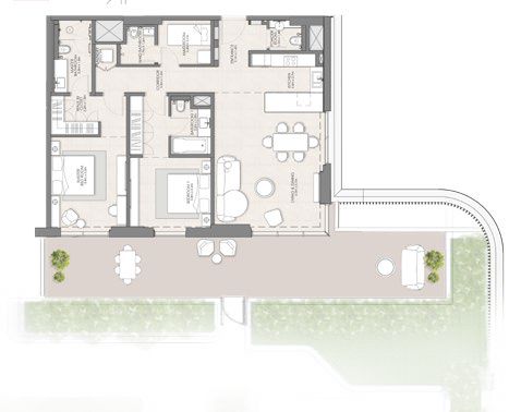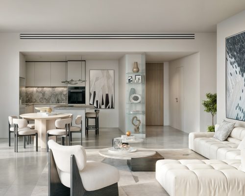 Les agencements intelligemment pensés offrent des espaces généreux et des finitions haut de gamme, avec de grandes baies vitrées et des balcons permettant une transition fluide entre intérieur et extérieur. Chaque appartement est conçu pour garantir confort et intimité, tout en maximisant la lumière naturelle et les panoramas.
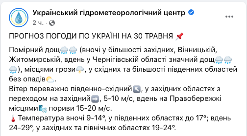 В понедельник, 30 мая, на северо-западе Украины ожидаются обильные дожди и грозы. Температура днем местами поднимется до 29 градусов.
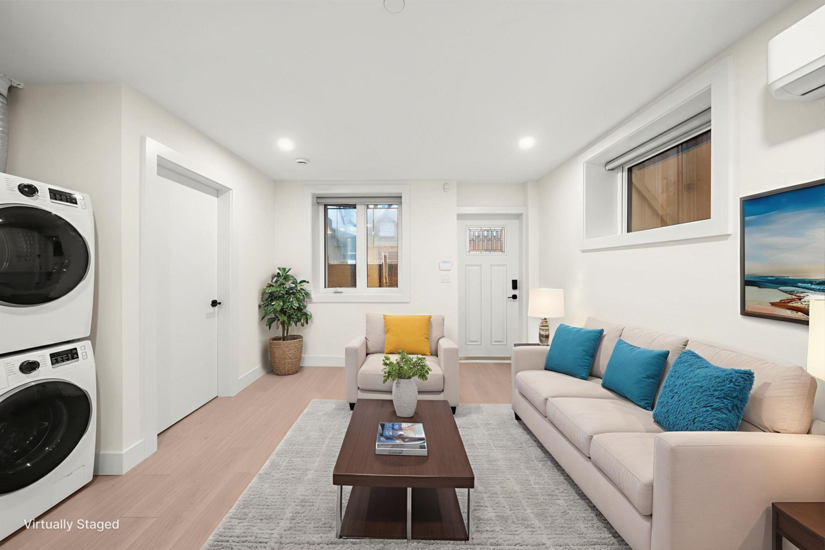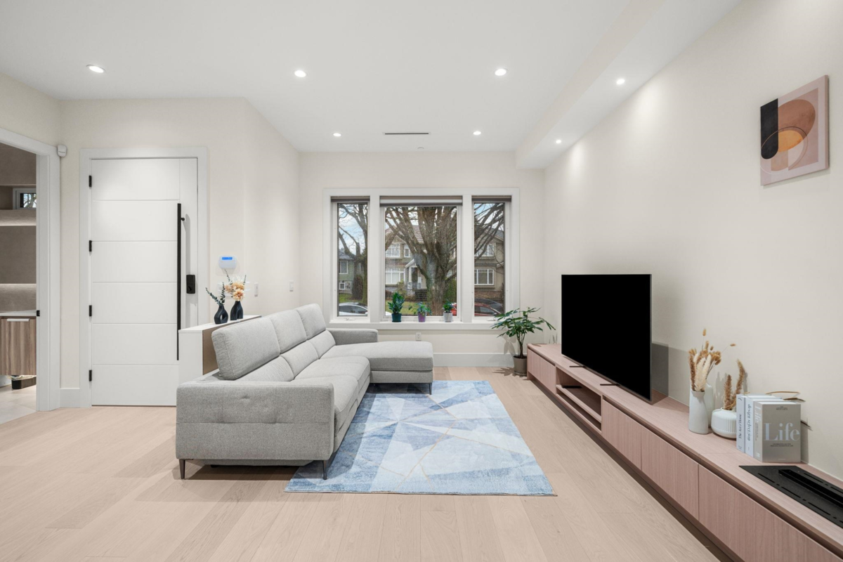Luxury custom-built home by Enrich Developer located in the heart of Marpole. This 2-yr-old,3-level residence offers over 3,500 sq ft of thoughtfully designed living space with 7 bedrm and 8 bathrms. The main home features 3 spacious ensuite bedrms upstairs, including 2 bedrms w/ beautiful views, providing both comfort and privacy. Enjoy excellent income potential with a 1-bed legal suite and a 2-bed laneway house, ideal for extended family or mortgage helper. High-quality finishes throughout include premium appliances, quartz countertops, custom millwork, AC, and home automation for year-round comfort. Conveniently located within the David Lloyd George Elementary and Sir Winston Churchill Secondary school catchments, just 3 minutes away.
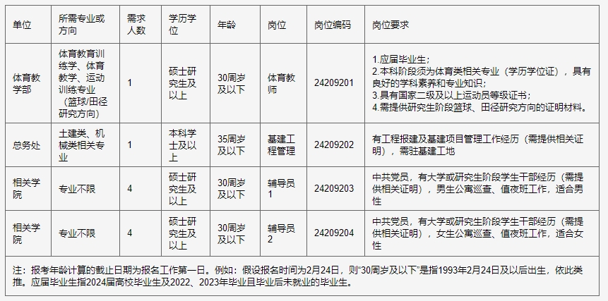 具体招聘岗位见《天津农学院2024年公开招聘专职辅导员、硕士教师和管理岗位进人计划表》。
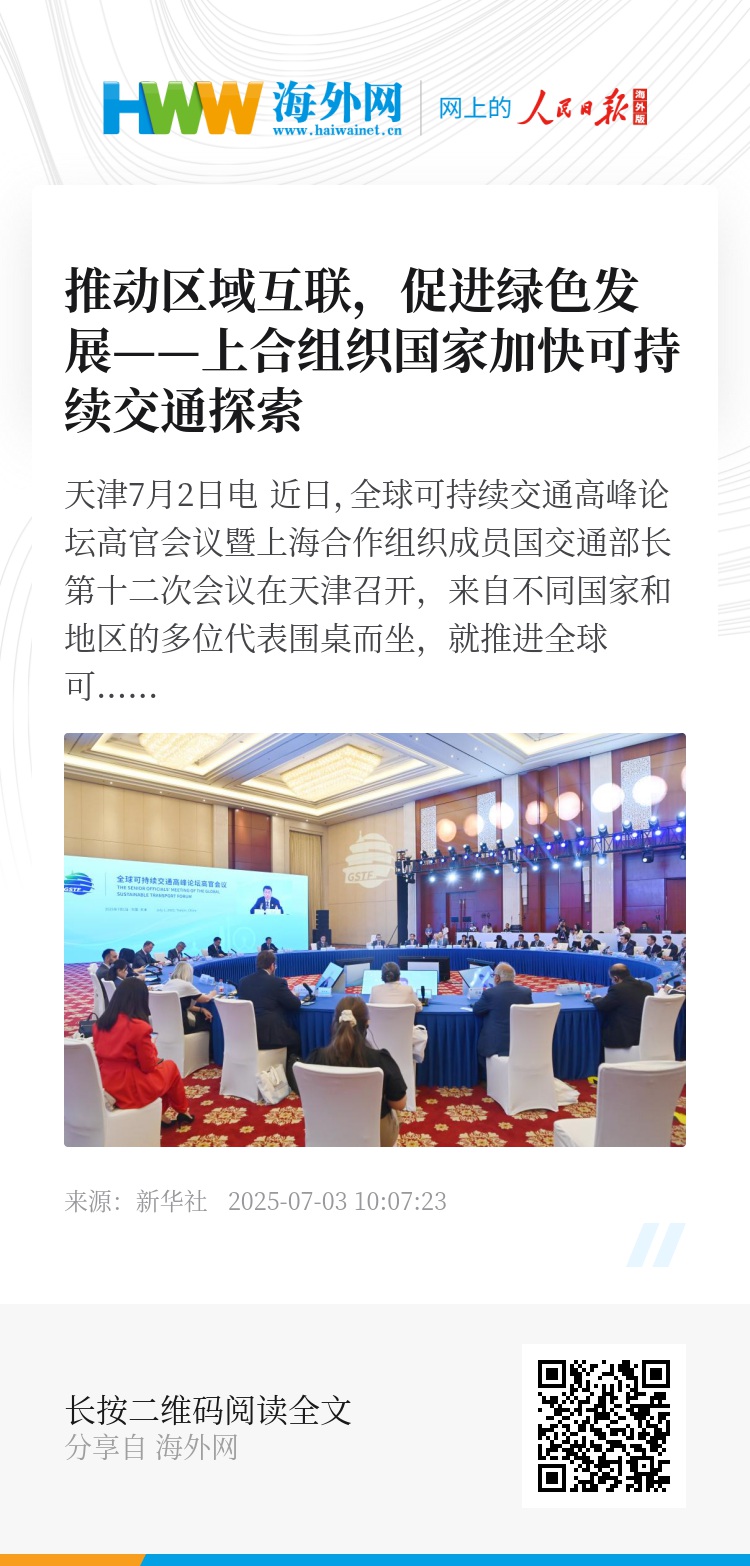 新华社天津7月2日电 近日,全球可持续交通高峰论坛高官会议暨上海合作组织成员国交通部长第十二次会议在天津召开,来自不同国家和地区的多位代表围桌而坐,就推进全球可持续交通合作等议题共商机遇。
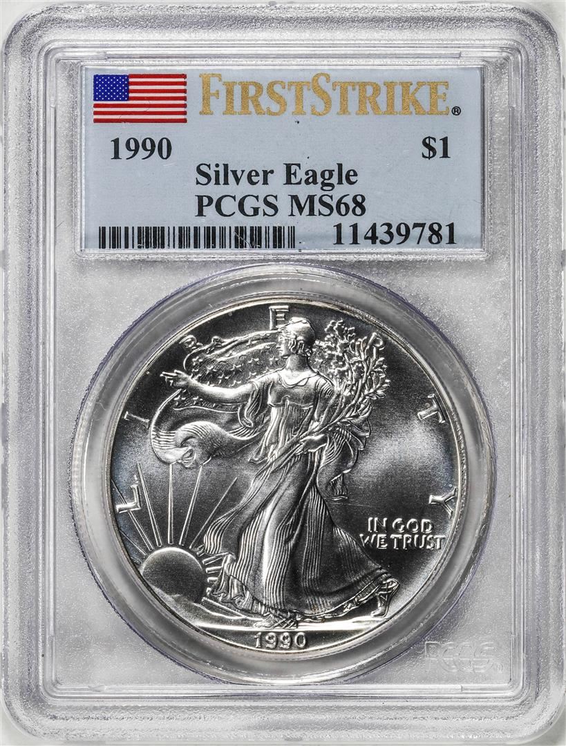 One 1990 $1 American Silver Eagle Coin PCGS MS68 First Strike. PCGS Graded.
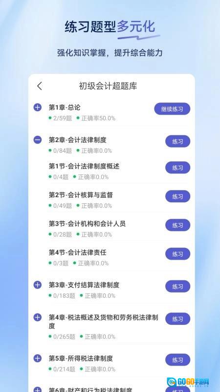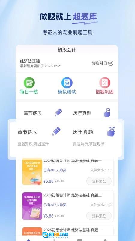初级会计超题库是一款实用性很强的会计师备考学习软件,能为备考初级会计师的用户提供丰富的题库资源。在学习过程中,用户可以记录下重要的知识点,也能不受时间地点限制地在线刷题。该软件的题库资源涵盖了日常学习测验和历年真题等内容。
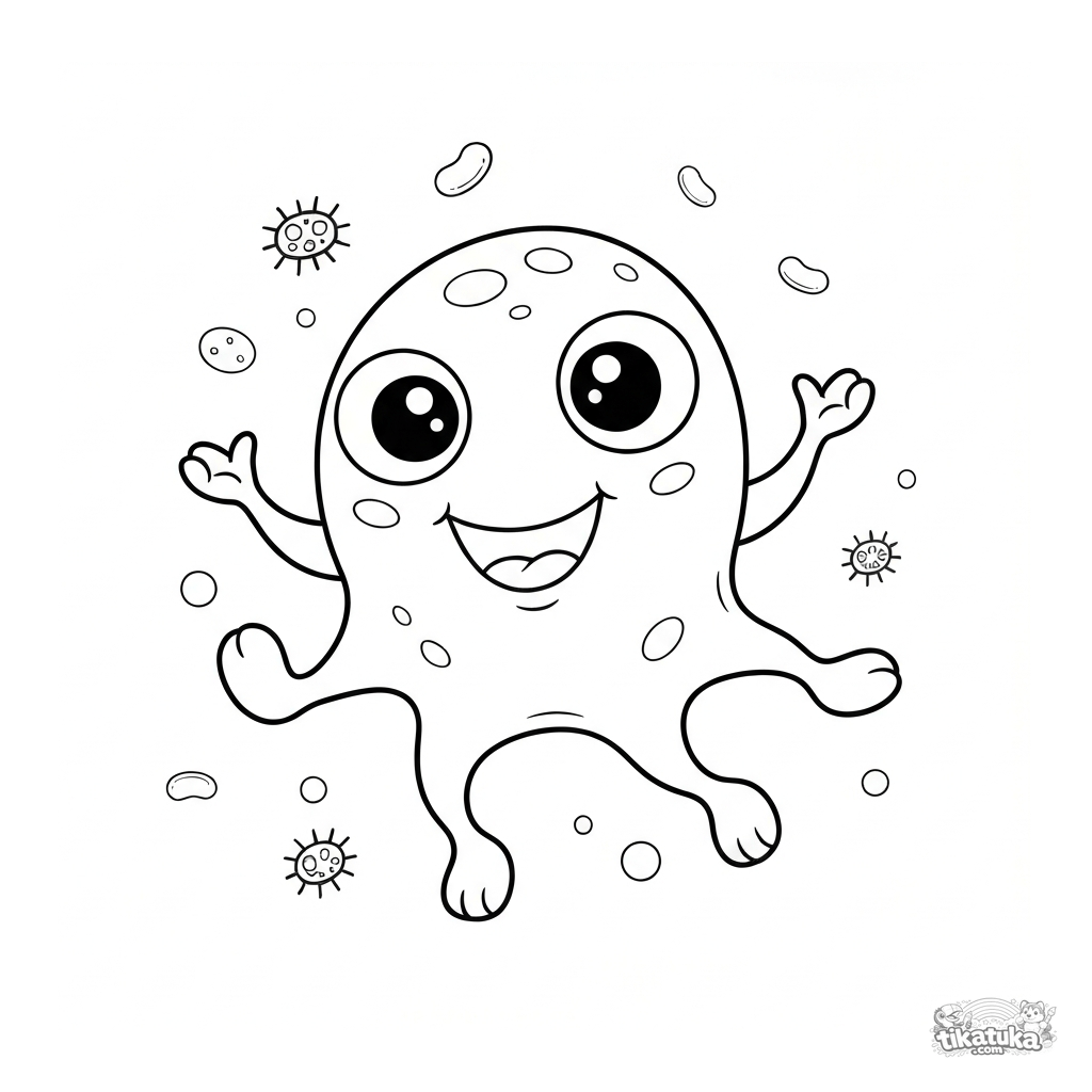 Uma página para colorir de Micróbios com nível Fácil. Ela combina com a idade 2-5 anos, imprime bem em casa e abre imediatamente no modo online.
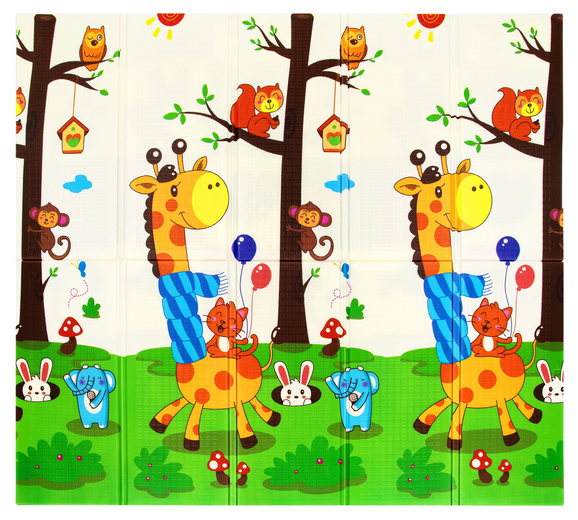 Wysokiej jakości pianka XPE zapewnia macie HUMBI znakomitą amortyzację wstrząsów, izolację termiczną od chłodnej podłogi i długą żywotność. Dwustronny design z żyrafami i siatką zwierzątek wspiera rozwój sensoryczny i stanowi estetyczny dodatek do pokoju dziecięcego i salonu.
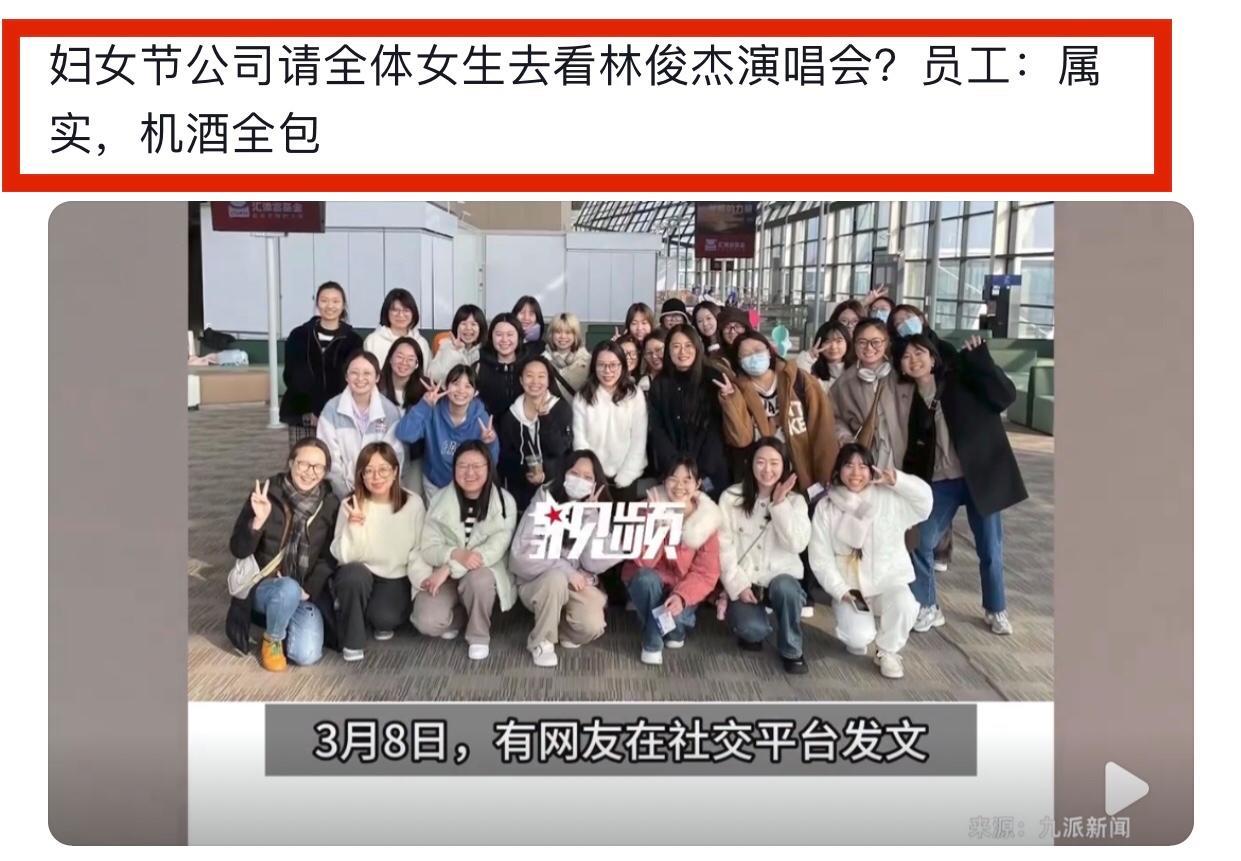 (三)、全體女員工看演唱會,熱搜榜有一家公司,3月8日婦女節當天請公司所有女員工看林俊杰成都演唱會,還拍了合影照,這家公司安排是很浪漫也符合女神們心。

────────────────────────────────────────

• Your goal:
Retype only the lines from the line with "Wysokiej jakości pianka" through the last line of the data. Keep both ends and skip the pictures.

• Worked solution:
 Wysokiej jakości pianka XPE zapewnia macie HUMBI znakomitą amortyzację wstrząsów, izolację termiczną od chłodnej podłogi i długą żywotność. Dwustronny design z żyrafami i siatką zwierzątek wspiera rozwój sensoryczny i stanowi estetyczny dodatek do pokoju dziecięcego i salonu.
 (三)、全體女員工看演唱會,熱搜榜有一家公司,3月8日婦女節當天請公司所有女員工看林俊杰成都演唱會,還拍了合影照,這家公司安排是很浪漫也符合女神們心。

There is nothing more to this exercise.